Keywords: counter-urban migration, rural representations, popular media, ruralities, entrepreneurship, attractive living

Popular magazines are important as sources for critical investigation of influential representations regarding rural living (Baylina & Berg, 2010). It is often believed that the relation between media producers and media consumers is characterised by a one-sided influence, which in turn configures to the contents of the magazine and of products related to rural living (Baylina & Berg, 2010; Berg & Forsberg, 2003; Halfacree & Boyle, 1998; Munkejord, 2006; Van Dam, Heins, & Elbersen, 2002). From that viewpoint, representations of the rural in mass media focus on structural impacts on rural areas in terms of power relations that acknowledge a vulnerability concerning rural places, for instance as manifested in terms of differences in gender, resources, or just consumer preferences (Baylina & Berg, 2010; Holloway, 2007; Holloway & Valentine, 2000; Phillips, Fish, & Agg, 2001; Stenbacka, 2011).

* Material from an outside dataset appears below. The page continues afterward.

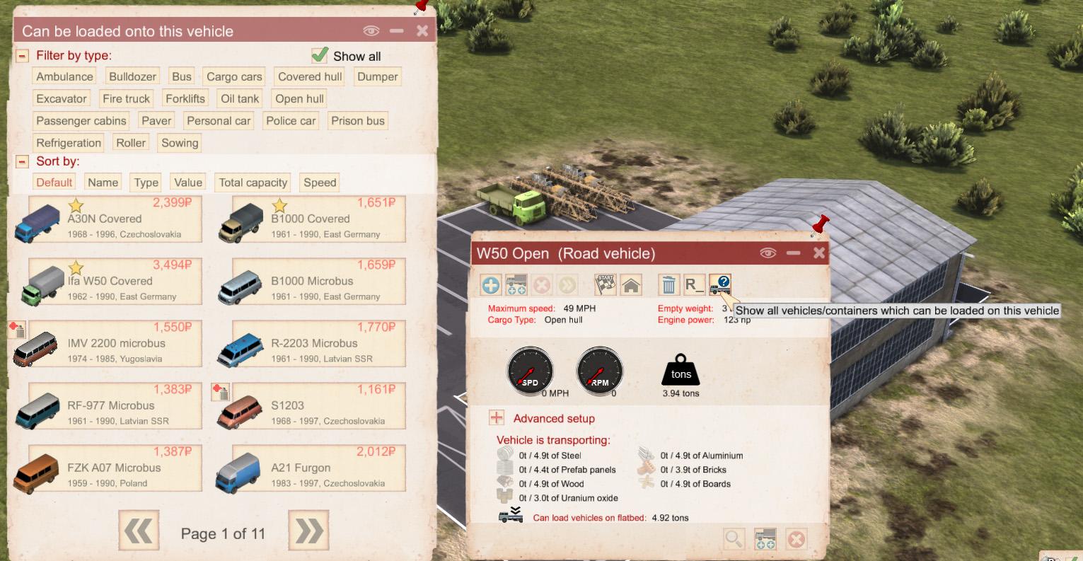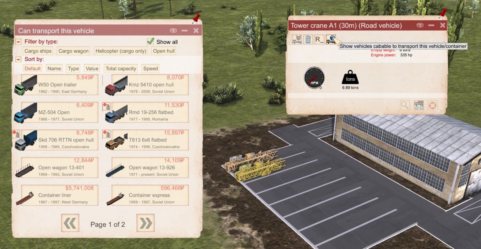 Ещё одно небольшое изменение – новая кнопка, которая показывает, какое транспортное средство может быть загружено в выбранное транспортное средство и какое может перевозить его как груз.

Edensor (2006) and Woods (2010) suggest that rural performances should be more centrally positioned in rural studies. Performance might be broadly used encompassing staged events as well as everyday practices by different actors on events such as village greens, farm-life centres, heritage attractions, grouse moors, mountains, longdistance footpaths and farmyards, and in rural spaces identified as 'wilderness'. It is suggested here that popular media is included in staged events where 'attractive living' is a theme. As such, performances of ruralities are co-productive and co- performed and that particular view changes the role of what is thought of as passive consumers, and they become more active and collaborative than acknowledged before.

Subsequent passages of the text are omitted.